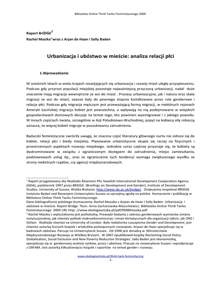 Biblioteka Online Think Tanku Feministycznego 2009 Raport BriDGE 1 Rachel Masika2 wraz z Arjan de Haan i Sally Baden Urbanizacja i ubóstwo w mieście: analiza relacji płci 1.Wprowadzenie W ostatnich latach w wielu krajach rozwijających się urbanizacja i rozwój miast uległy przyspieszeniu. Podczas gdy przyrost populacji miejskiej pozostaje najważniejszą przyczyną urbanizacji, nadal duże znaczenie mają migracje wewnętrzne ze wsi do miast . Procesy urbanizacyjne, jak i natura oraz skala migracji ze wsi do miast, zawsze były do pewnego stopnia kształtowane przez role genderowe i relacje płci. Podczas gdy migracja mężczyzn jest przeważającą formą migracji, w niektórych rejonach Ameryki Łacińskiej migracja kobiet jest powszechna, a wpływają na nią podejmowane w wiejskich gospodarstwach domowych decyzje na temat tego, kto powinien wyemigrować i z jakiego powodu. W innych częściach świata, szczególnie w Azji Południowo-Wschodniej, popyt na kobiecą siłę roboczą oznacza, że więcej kobiet migruje w poszukiwaniu zatrudnienia. Badaczki feministyczne zwróciły uwagę, że znaczna część literatury głównego nurtu nie odnosi się do kobiet, relacji płci i biedy miejskiej. Planowanie urbanistyczne skupia się raczej na fizycznych i przestrzennych aspektach rozwoju miejskiego. Jednakże coraz częściej przyznaje się, że kobiety są dyskryminowane w związku z ograniczonym dostępem do zatrudnienia, miejsc zamieszkania, podstawowych usług itp., oraz że ograniczenie tych tendencji wymaga zwiększonego wysiłku ze strony niektórych rządów, czy agencji międzynarodowych. 1 Raport przygotowany dla Wydziału Równości Płci Swedish International Development Cooperation Agency (SIDA), październik 1997 przez BRIDGE (Briefings on Development and Gender), Institute of Development Studies, University of Sussex, Wielka Brytania. http://www.ids.ac.uk/bridge/. Dziękujemy zespołowi BRIDGE Instytutu Badań nad Rozwojem Uniwersytetu Sussex za uprzejmą zgodę na polskie tłumaczenie i publikację w Bibliotece Online Think Tanku Feministycznego. Dane bibliograficzne polskiego tŁumaczenia: Rachel Massika z Arjaan de Haan I Sally Baden. Urbanizacja i ubóstwo w mieście. Raport Bridge. Tłum. Anna Zachorowska-Mazurkiewicz. Biblioteka Online Think Tanku Feministycznego 2009 URL http: //www.ekologiasztuka.pl/pdf/f0080masika.pdf 2 Rachel Masika z wykształcenia jest politolożką. Prowadzi badania z zakresu genderowych wymiarów zmiany instytucjonalnej, jak również polityki makroekonomicznej i zmian klimatycznych dla organizacji takich, jak ONZ i Oxfam. Wykłada również na University of London. Była redaktorka czasopisma Gender and Development, jest również autorką licznych książek i artykułów poświęconych rozwojowi. Arjaan de Haan specjalizuje się w badnaiach ubóstwa. Parcuje na Uniwersytecie Sussex. Od 1998 jest doradcą w Ministerstwie Międzynarodowego Rozwoju w Wielkiej Brytanii. W 2007 opublikował książkę Reclaiming Social Policy. Globalization, Social Exclusion and New Poverty Reduction Strategies. Sally Baden jest ekonomistką, specjalizuje się w genderowej analizie rynków, pracy i ubóstwa. Pracuje na uniwesytecie Sussex i wpsołpracuje z OXFAM. Jest autorką kilkudziesięciu ksiązek i raportów na temat gender i rozwoju. www.ekologiasztuka.pl/think.tank.feministyczny -1- Biblioteka Online Think Tanku Feministycznego 2009 Perspektywa genderowa w odniesieniu do miejskiego ubóstwa jest istotna, ponieważ mężczyźni i kobiety doświadczają i reagują na biedę w odmienny sposób. Ograniczenia, jak i możliwości spowodowane uprzedzeniami ze względu na płeć, wpływają na dostęp do dochodów i zasobów, mieszkalnictwo, transport i podstawowe usługi. Oferowanie usług miejskich, w których nie zwraca się uwagi na relacje płci, nie przyczyni się do zaspokojenia potrzeb kobiet, gdyż ich priorytety nie są rozważane. 2.Urbanizacja, ubóstwo miejskie i rozwój: przegląd 2.1.Urbanizacja: przegląd W ciągu ostatnich paru dekad w wielu krajach rozwijających się procesy urbanizacji i rozwoju miast uległy przyspieszeniu. W 1970 roku 37% ludności świata mieszkało w miastach. W 1995 roku liczba ta wyniosła 45%, a prognozuje się, że udział ten przekroczy 50% do 2005 roku (UN 1995). Liczba ludności miejskiej szybko wzrasta – o 2,5% rocznie w Ameryce Łacińskiej i Karaibach, 3,3% w Afryce Północnej, 4% w Azji i Pacyfiku i o 5% w Afryce (ibid.). Porównania międzynarodowe są jednak utrudnione, ponieważ różne kraje stosują odmienne definicje obszarów miejskich3. W Europie Wschodniej, Ameryce Południowej i na Karaibach ogólny stosunek kobiet do mężczyzn jest wyższy w ośrodkach miejskich niż na obszarach wiejskich, odwrotna kompozycja występuje w Afryce i w Azji. Chociaż w wielu miastach trzeciego świata przyrost naturalny ludności jest najważniejszą przyczyną urbanizacji, istotnym czynnikiem jest także migracja ze wsi do miast (de Haan 1997). Przepływy migracyjne są wewnętrznie zróżnicowane, złożone i stale się zmieniają (biorąc pod uwagę przepływy ze wsi do miast, z miast do wsi, z miast do miast i ze wsi do wsi). Obserwuje się różnice pomiędzy narodami i regionami ze względu na wiek i poziom wykształcenia migrantów, oraz stopień w jakim migracja postrzegana jest za czasową bądź stałą. Kluczową przyczyną migracji jest zróżnicowanie dochodów między regionami miejskimi a wiejskimi (Gilbert i Gugler 1992). Na migrację wpływają również ceny zbóż, struktura własności ziemi, zmiany w technologiach agrarnych i strukturze upraw zarówno w obszarach sąsiadujących, jak i bardziej odległych. Wpływają na nią również inne czynniki związane z indywidualnymi strategiami przetrwania, czy też strategiami gospodarstw domowych, ich strukturą, jak również szerszym kontekstem politycznym, ekonomicznym i społecznym (UNCHS, 1996). 2.2.Ubóstwo miejskie: definicje, pojęcia i m
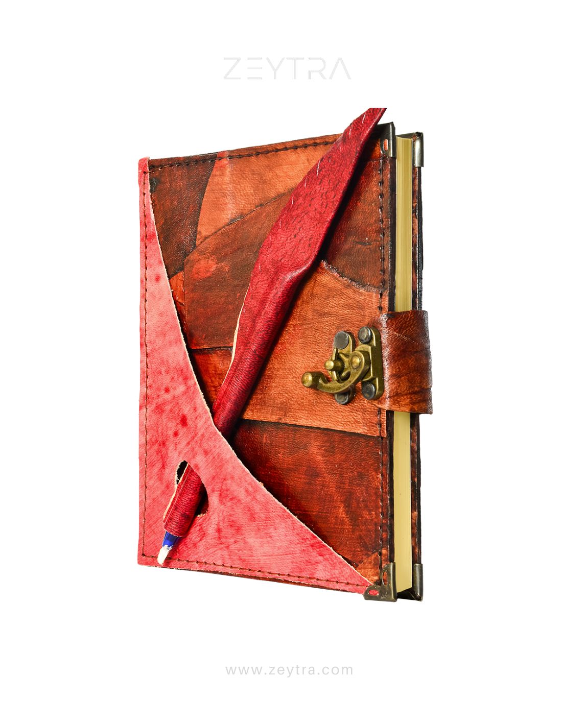 Kırmızı Kalem Detaylı El Yapımı Orta Boy Deri Defter
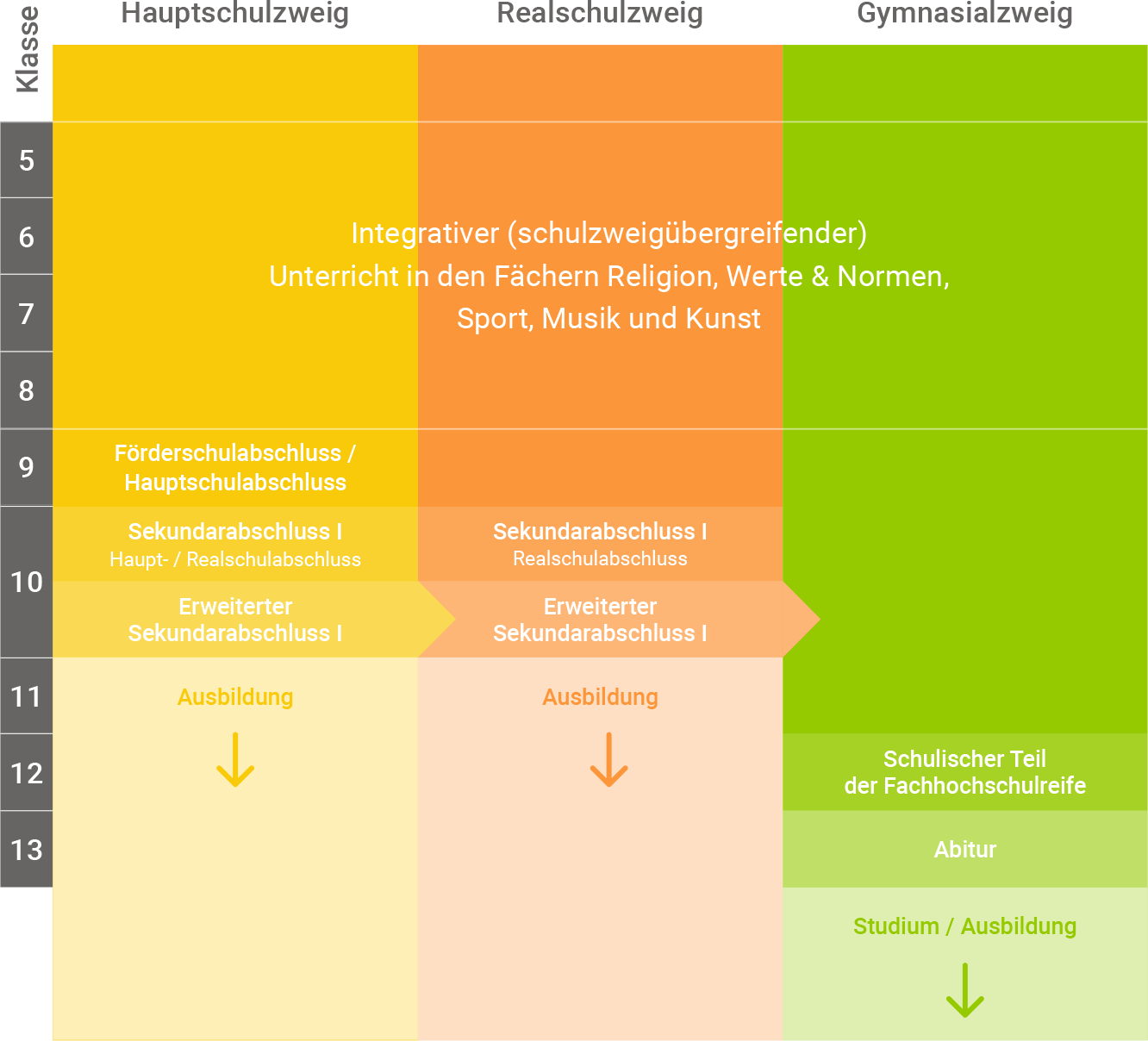 - die Schülerinnen und Schüler in den Fächern Religion, Werte und Normen, Sport, Musik und Kunst in ihren integrativen (schulzweigübergreifenden) Lerngruppen bleiben können;
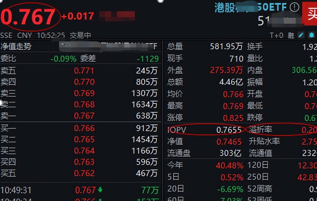 例如随机截取一只港股通ETF的盘中数据,可以看到当前价格0.767高于实时参考净值IOPV0.7655,显示溢折率为0.20%。反映出当前该ETF购买需求相对较大,出现了轻微的溢价情况。
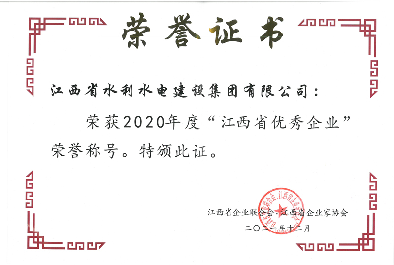 近日,江西省企业联合会、江西省企业家协文件《关于表彰“2020年度新时代江西杰出企业家、江西省优秀企业、江西省优秀企业家、江西省优秀厂长(经理)”的决定》公布了2020年度江西省优秀企业等奖项的评选结果。集团获评江西省优秀企业;集团董事长王元旦获评新时代江西杰出企业家;集团常务副总裁王俊华获评江西省优秀厂长(经理)。至此,集团已连续二十二年被评为“江西省优秀企业”。荣誉是一种肯定,更是一种责任,集团将以此为动力,新的一年再接再厉,继续以优秀水利龙头企业的标准严格要求自己,不断超越自我,开创企业发展多元化新格局,持续提高市场竞争力和社会影响力。
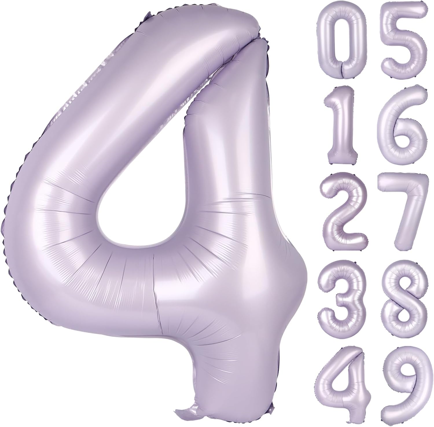 - 1.Make Party Charming with Lilac Number Balloon:You will receive an uninflated 40 inch 4 balloon number.Big number balloons are always the best statement of romance and surprise. Number foil balloons symbolize vitality exoticism,adding glamour to birthday parties.Bright metallic lavender and huge size make 4 lilac balloons a highlight of special parties. Choose one or more numbers from 0-9 number balloon, and use 4 14 24 34 44 54 64 84 94 birthday balloons to create a lively party!
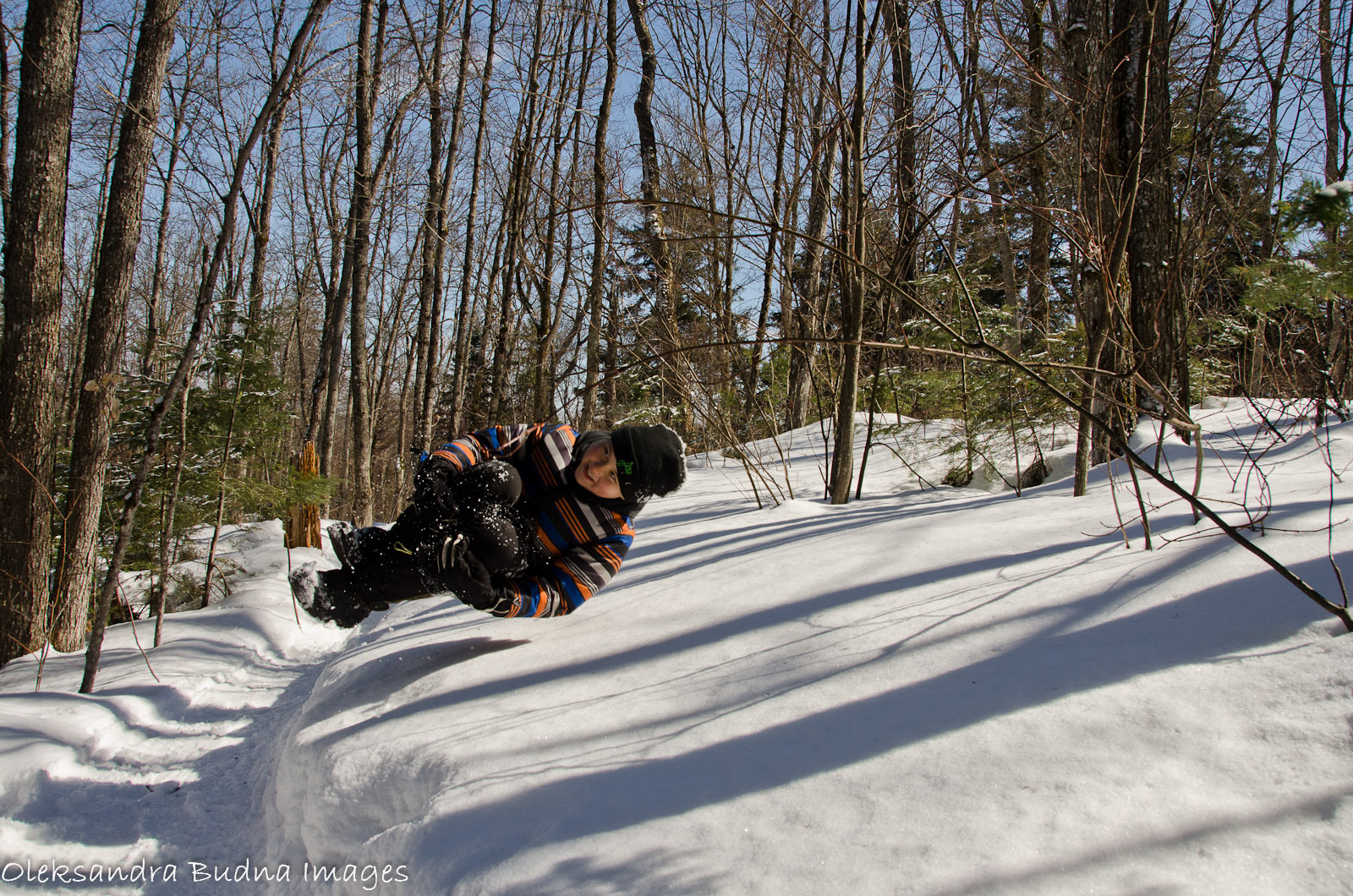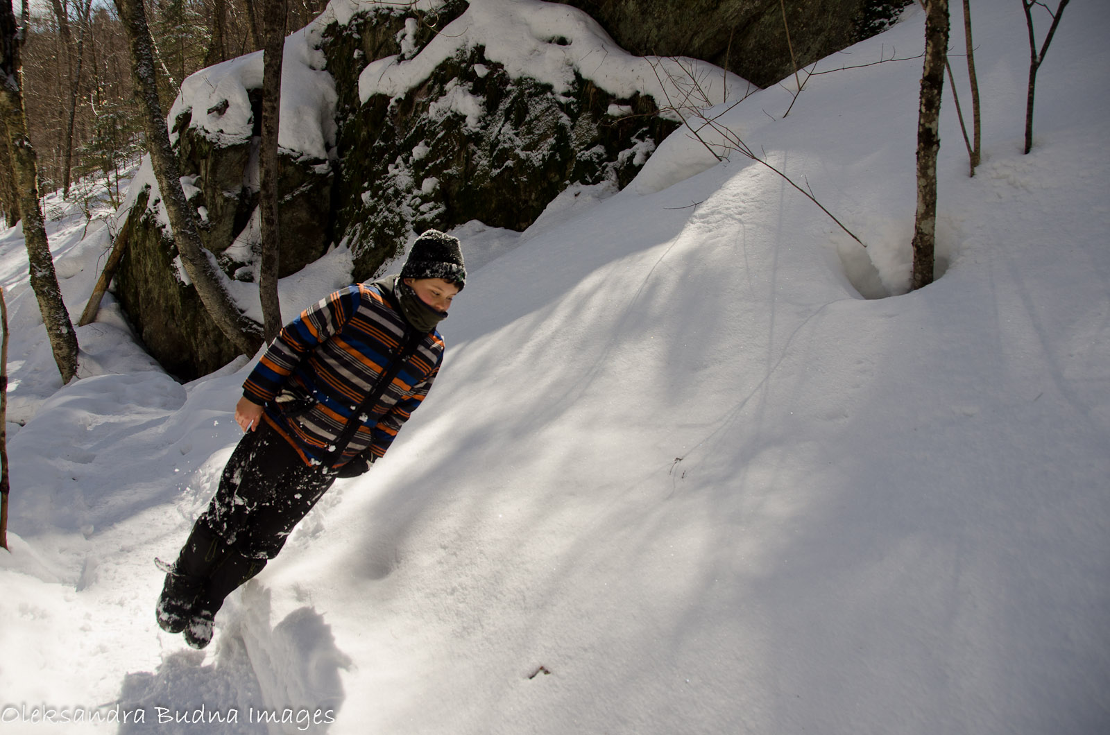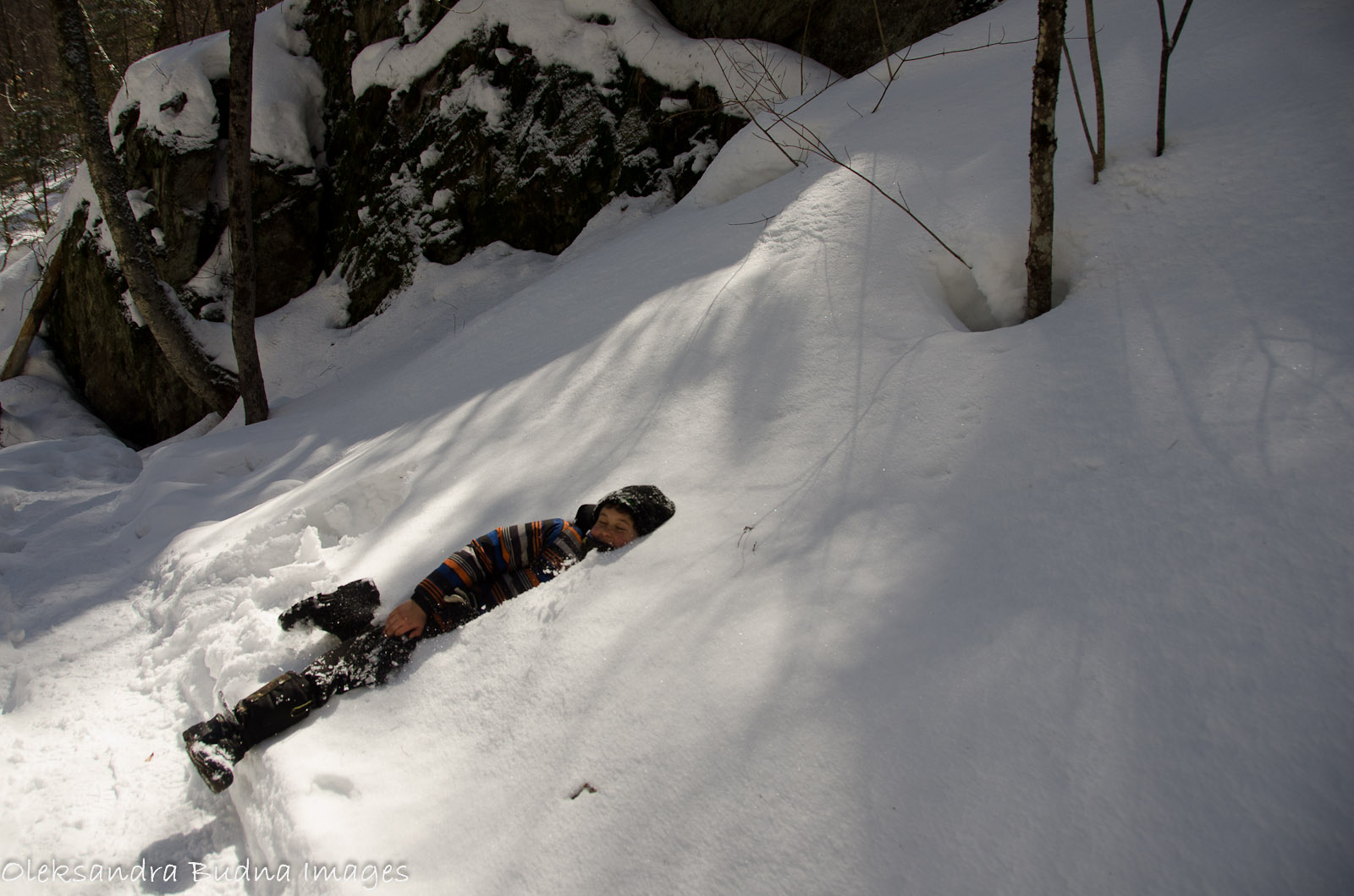 Along the trail, our son kept practicing his hide mode technique, which consisted of jumping sideways and disappearing into the snow banks.

EXERCISE AIM — From the line that contains "- 1.Make Party" to the end of the listing, give every line again exactly as written. Leave the pictures out.

RESULT —
 - 1.Make Party Charming with Lilac Number Balloon:You will receive an uninflated 40 inch 4 balloon number.Big number balloons are always the best statement of romance and surprise. Number foil balloons symbolize vitality exoticism,adding glamour to birthday parties.Bright metallic lavender and huge size make 4 lilac balloons a highlight of special parties. Choose one or more numbers from 0-9 number balloon, and use 4 14 24 34 44 54 64 84 94 birthday balloons to create a lively party!
 Along the trail, our son kept practicing his hide mode technique, which consisted of jumping sideways and disappearing into the snow banks.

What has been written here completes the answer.